(Entries taken from a collection)
——
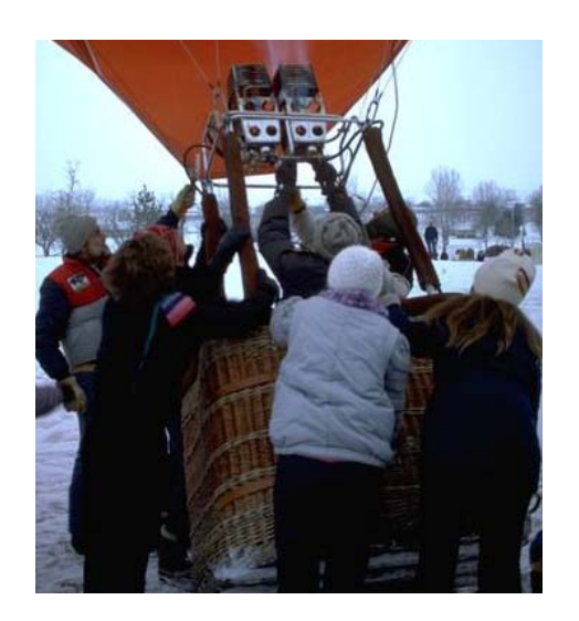
To warm up balloon passengers
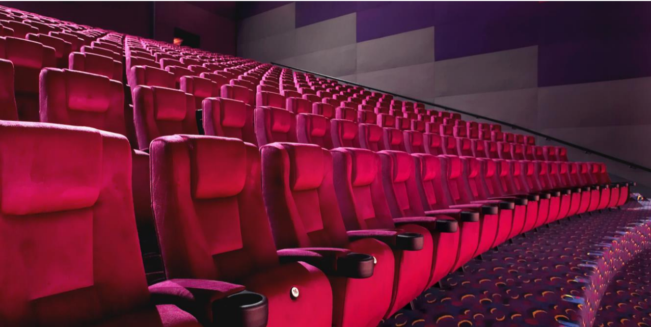
IMAX Theatre, Kuala Lumpur, Malaysia

* APPLICABLE FOR ROCKER BACK ONLY ** APPLICABLE FOR FIXED BACK ONLY
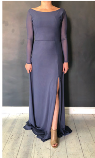
add a slit
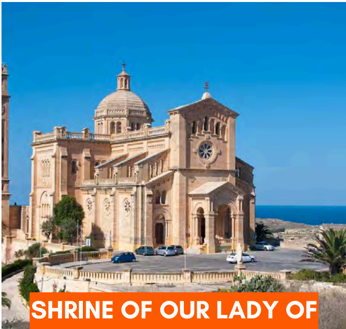
SHRINE OF OUR LADY OF TA' PINU
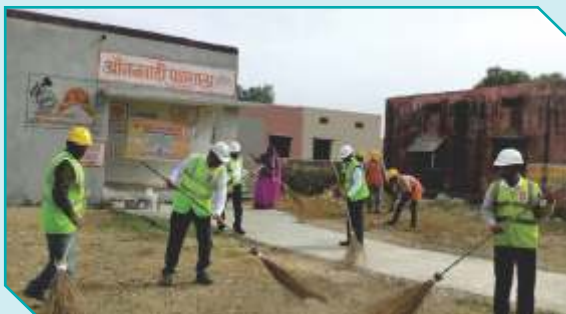
Cleanliness work done under Swachhata Pakhwada at Murlia Aganwadi
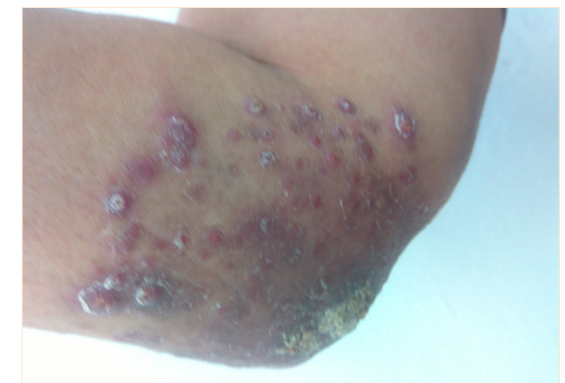
Figure 1. Right elbow in flexion: multiple papules and pseudo-vesicles in a lineal pattern.

The somatic examination showed multiple papules and pseudo-vesicles in a lineal pattern (Figs.1 & 2) around a main ulcero-crusted lesion (Fig.3) in the right elbow without other anomalies. The basic biology tests were within normal limits.
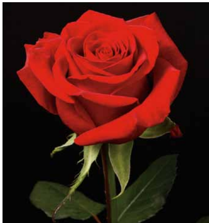
Esmeralda Farms Red Bentley

Floral wholesalers can provide you with the very latest in rose varieties. Esmeralda Farms, who directly owns their farms, has developed an exquisite new rose called 'Red Bentley.' This Esmeralda exclusive variety has vibrant red, velvety petals; long, strong stems; clean foliage and a very good vase life.
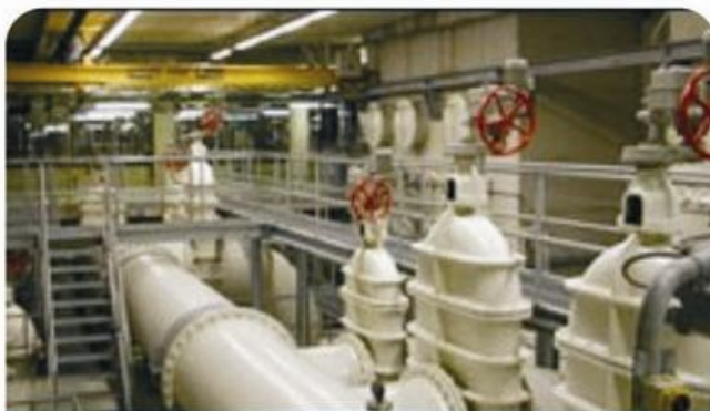
Water Treatment Plant

Rubber lining for tanks, pipes, bends, L-bow, flanges, valves in water treatment
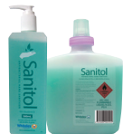
Pack Size: 500mL, 1L

Bactol® Moisturiser has been designed to protect the skin. It is enriched with Vitamin E, pH balanced and lanolin free. It absorbs quickly and is suitable for use under gloves. The perfect complement to Bactol® alcohol based hand rub.
——
_Your goal_:
Check the data for the word "Esmeralda" and pull out the lines that have it.

_Response box_:
Esmeralda Farms Red Bentley
Floral wholesalers can provide you with the very latest in rose varieties. Esmeralda Farms, who directly owns their farms, has developed an exquisite new rose called 'Red Bentley.' This Esmeralda exclusive variety has vibrant red, velvety petals; long, strong stems; clean foliage and a very good vase life.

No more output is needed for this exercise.